Онлайн книга «Воскрешение Лазаря»

Cтраница 30

— Яков лестницу в небо построил, — отвечала старушка. Предложенная тема пришлась ей по сердцу: — …Да и каких только имен не давали в прежние годы. Моего дедушку Синифоном звали. А братья у него — Селиван, Веселин и Таман. Советская власть заставляла людей новые имена принимать. Сестренка моя Пистимея в Людмилу переписалась. Ой, а как мы с ней энкеведешников обманывать наловчились… В 33-м году, когда голодно было, убирали всем колхозом зерно. А выносить с поля ни колоска не давали. Поставили оцепление. Никаких узелков с собой брать не велели. Что делать? Тогда мы с Людкой догадались кармашки в лифчики вшивать. В энти кармашки зерна ссыпем. Идем с работы, титьки аж распирает. Охранники облизываются на нас, заигрывают. Невдомек им, что мы хлебушек с поля выносим… С утра до ночи мы в колхозе работали. Всю свою душу и здоровье отдали в него. И вот с чем остались. Я ж вдарница коммунистического труда, почетных грамот целая коробка в шкафу. А почету мне вон, как видишь… Сынок Ванечка в 13 лет на речке утоп. Муж с войны не вернулся. Осталася я одна. Думаю, скоро зима. А как я буду жить зимой? Натаскала с речки веток. Будут дрова. Хоть какой супчик, да сварю. Уж и рубить дрова топором не могу, а все равно сижу рубаю. Слезы из глаз бежат… Хочешь, супчиком тебя накормлю?

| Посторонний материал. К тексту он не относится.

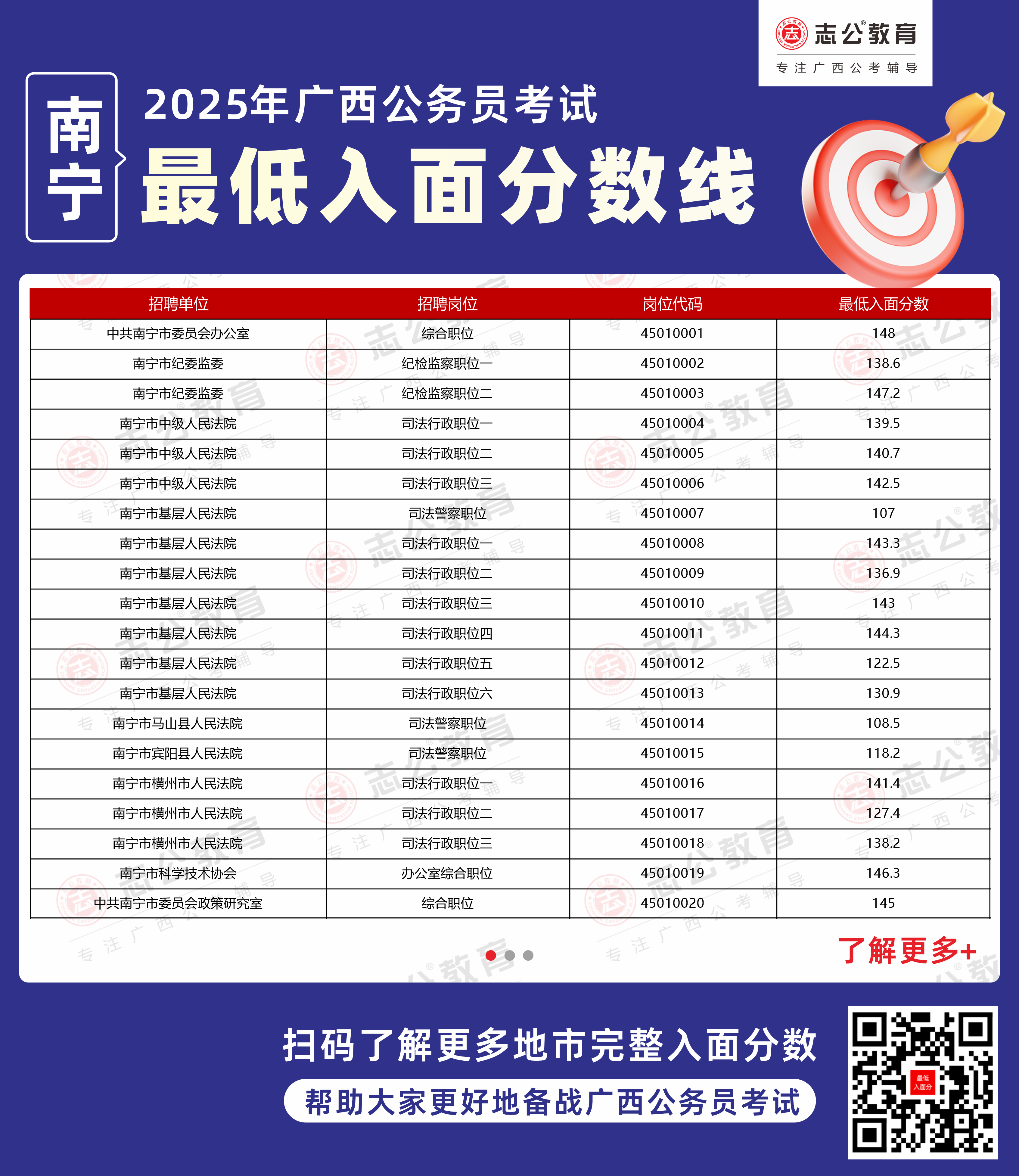 以下為志公教育根據(jù)官方公布的面試資格審查名單整理的南寧市部分單位的進(jìn)面最低筆試分?jǐn)?shù)(含照顧加分),數(shù)據(jù)僅供參考,具體以官方實(shí)際公布為準(zhǔn)。

— Нет, спасибо, да и странно как-то суп с утра есть, — заметил Кауров.

— Да? — удивилась Евдоха. — А у нас едят — и на завтрак, и на обед, и на ужин…

Бабушка обнаружила большую склонность к воспоминаниям.

— В гражданскую войну казаки часто через еду побеждали, — вещала Евдоха. — Как отличить казака от мужика? Казак стройный, подтянутый, потому что завсегда к войне должен быть готов — скачки, сборы, учения разные. А мужику энто ни к чему. Потому он пузатый. Мы и дразнили их в детстве «Эй, мужик вислопузый!» Так и воевали они. Все мужики в Красную армию записались, потому что им обещали казачьи земли отдать. Островская много раз из рук в руки переходила. А потому красные долго удержаться в ней не могли, что об еде много думали. Придут в станицу, щас же требуют, чтоб им дали пожрать. Иначе не хотят в атаку идти. Пока сядут за стол, тут казаки их и окружат. Мертвых красных бессчетно по оврагам валялось. Детишки землей в них кидались. А у казаков еда на последнем месте была. Редиски, лучка порубали — и снова в седло. Тут и молодежь казачья пороху понюхала. Отцы все на фронте, а к нам красные китайцы пожаловали. Встали у родников за станицей, велели еды принести и баб привести на потребу. Иначе из орудий грозили станицу разрушить. Собрались тогда старики, кто еще в руках шашки и ружья могли держать, да подростки, какие постарше, и сделали на китайцев нападение. Всех порубили. Но и казачат тоже много погибло. Братик двоюродный прискакал оттудова не в себе — ему не могли кулак разжать, шашку забрать. Убили потом братика на Перекопе.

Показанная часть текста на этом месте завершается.